Nobody wants to experience that but so many of us do.
Even the best people have their moments, without exception.
When it comes to believing in yourself enough to hold yourself to the highest regard, well, that’s one of life’s goals. Some of us have an easier time of it than others.
Going through a doctoral program in a progressive school that was distance learning before online learning was a thing meant that I was laughed at for my higher learning. By people both in and out of the industry.
Society is slow to accept ‘different’ until it does; then it becomes all the rage. Today? People are scrambling to the online schools for obvious reasons.
My professors were from Ivy League schools, but people didn’t care about that. They cared about obvious status. Nobody was interested in hearing about my education, because they themselves had no knowledge of what I was doing.
I was a lone wolf, held true to my goals by my online friends who were going though that program with me. To this day, many, many years later, I’m still friends with them.
I used to try to justify and explain my entire life so that others would accept me. I was a people pleaser out of need. Feck that.
Life’s too short to worry what other people are thinking.** Says the overthinking, explainer -people-pleaser in remission.
That’s part of this barrier of misunderstanding and choosing not to know about other people.
Nothing teaches us about ourselves like living by example.
Take money for example.
Today ~ I manifest money with my magical thinking about it. It’s more fun that way. I write every day but it’s such a privilege to have a job I love, I feel a bit guilty about the abundance. I had to make peace with that mindset. I had to learn how to love myself enough to believe I was worthy.
I have had both enough money to see the nuances of wealth and privilege and I’ve experienced the pains of poverty.
From that lens, I can speak, up close and personal about what both experiences felt like. Both felt like an out of body experience that offered insight to how the happiness industry can only be applied to some.
When I was working on my master’s degree, a mentor I respected and adored advised me to “get into the field on the ground floor” while completing the degree. She told me that people would not respect me if I told them I was working as a waitress to support myself (and my daughter) as a solo mom.

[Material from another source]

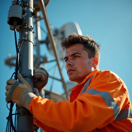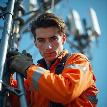 technician working on a 5G cell tower, highlighting the infrastructure behind fast and reliable wireless communication.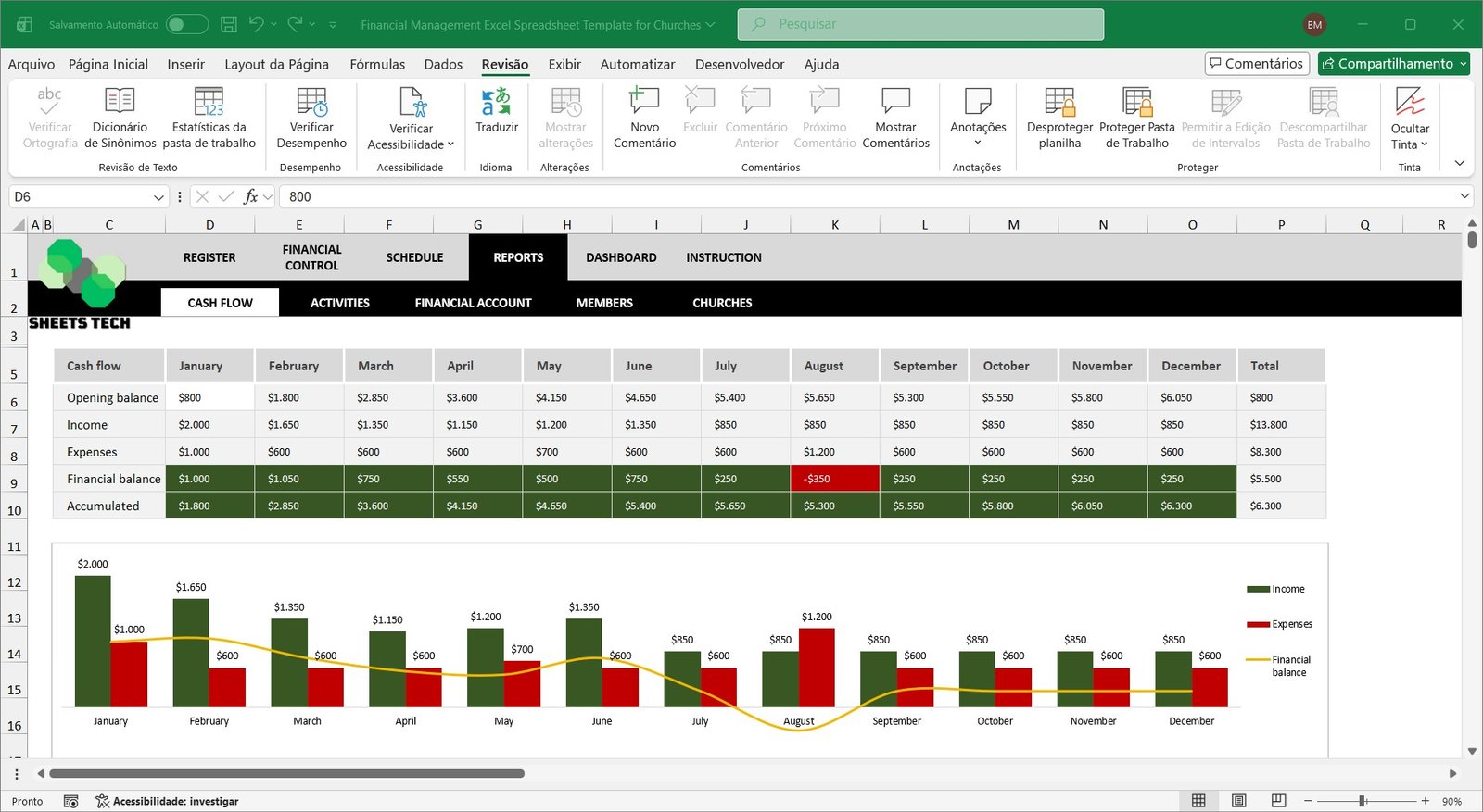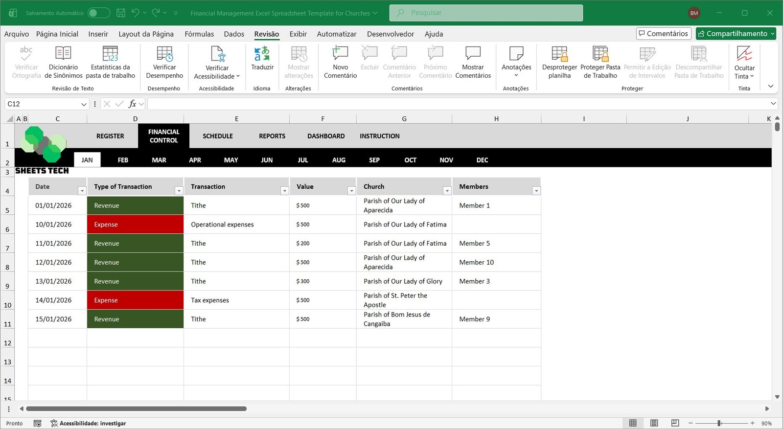 Control multiple churches and financial accounts in a single Church Accounting Template Excel file.

She basically was saying, without saying, that my blue collar job was not worthy of her respect. That was a hard pill to swallow. Especially so because of what I was in training to do. Work with the poor.
The thing was ~ where I lived, waiting tables paid me more in four days, w/half the hours than any entry level position. Nobody cared about a solo mom’s need or want to be with their child back then. Nobody cared about how a woman became a solo mom in the first place. In the early 90’s, people were still just assuming the worst about single mothers.
Many years later, I came to find out that she was a very wealthy woman who was born with a silver spoon in her mouth. No matter what she did for the world, she really had no personal experience of what it was to live day to day ~ to survive life, rather than live it. She couldn’t give me good advice because she didn’t know what she didn’t know.
That wasn’t her problem. It was mine. For not seeing her shadow, or my own. My struggle was something other people didn’t even think about. I only thought about my point of view, rather than opening up to understanding hers.
It stung, but it also forced me to buckle down and work harder. Ironically, back then, even the fathers of the children who acted more like Disney Dads, than responsible care givers to their own children, treated the mothers of the children like an expendable after thought.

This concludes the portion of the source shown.